I might be hiding for awhile.
In an attempt to fix what I thought needed fixing, I managed to mess the whole thing up. Or I thought I did. Ever done that?
Let’s just say, the great hair mishap of 2017 isn’t as bad as the one of 1995 or even 2005. I’m not platinum blonde with my hair shaved over my ears as a result of being a hair model. I’m not jet black either, the disastrous result of thinking Snow White would look good on me. This time, I’m just a little over exposed on my head.

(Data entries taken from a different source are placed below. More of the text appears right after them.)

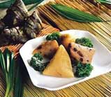 南方粽子的代表,个头比北方粽子小很多,外型别致,正面方型,后面隆起一只尖角,形状象锥子。馅料一般由鸡丁、鸭丁、冬菇、绿豆等调配出来,荤素搭配。
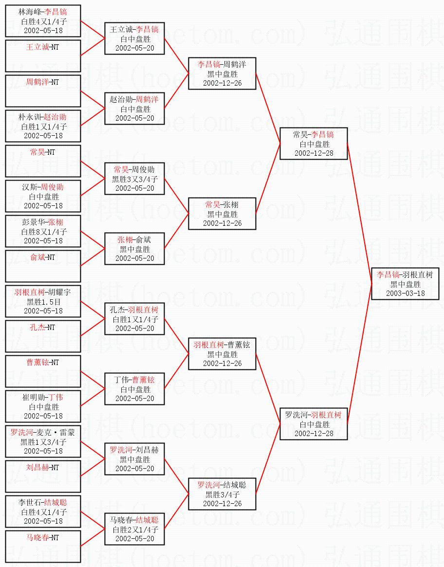 | 1.李昌镐获得冠军,羽根直树获得亚军。决赛比分:李昌镐2:0羽根直树。棋局: | ||
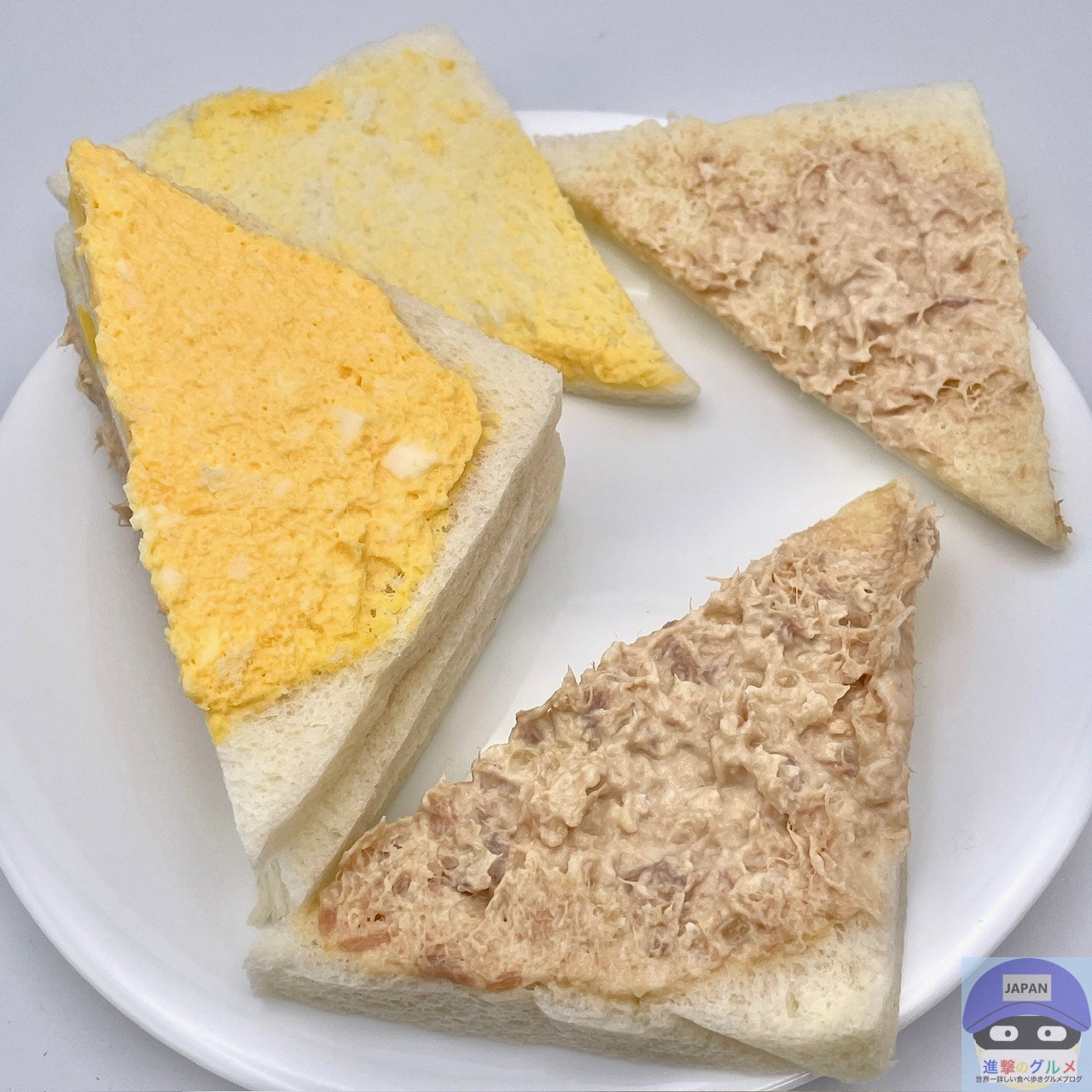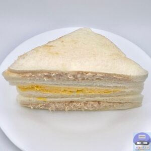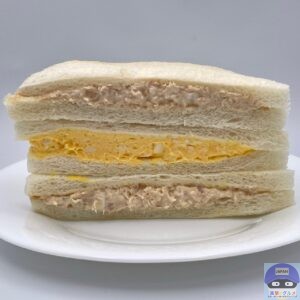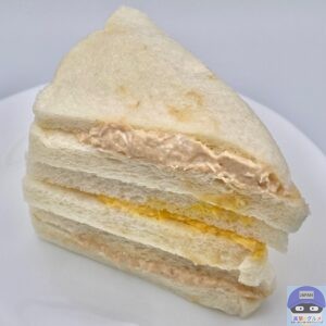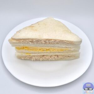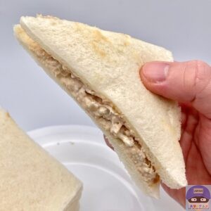 開封すると、ツナサラダを挟んだツナサンド2切れ、たまごサラダを挟んだたまごサンド1切れの組み合わせでシンプルな見た目です。

Perhaps I should be grateful it’s not worse. But, honestly, I hate being slowed down by things that cost more money and more time. I don’t like redoing. I don’t want to fix things I’ve already fixed. Or, tried to. Especially, when I could have just left it alone. This process grates at me. I rushed into a decision yesterday.
Can I go back in time?
I’m facing all the feels for messing it up before important upcoming photo opportunities. This incident brings worry to the forefront of my mind. Something else happens too. I’m more aware of my tendency to check-out, find quick relief, and turn to the fastest solution possible so I don’t have to sit with discomfort.
Our tendency to rush into quick-fixes causes quickly lost benefits. What we think we want sometimes brings more destruction.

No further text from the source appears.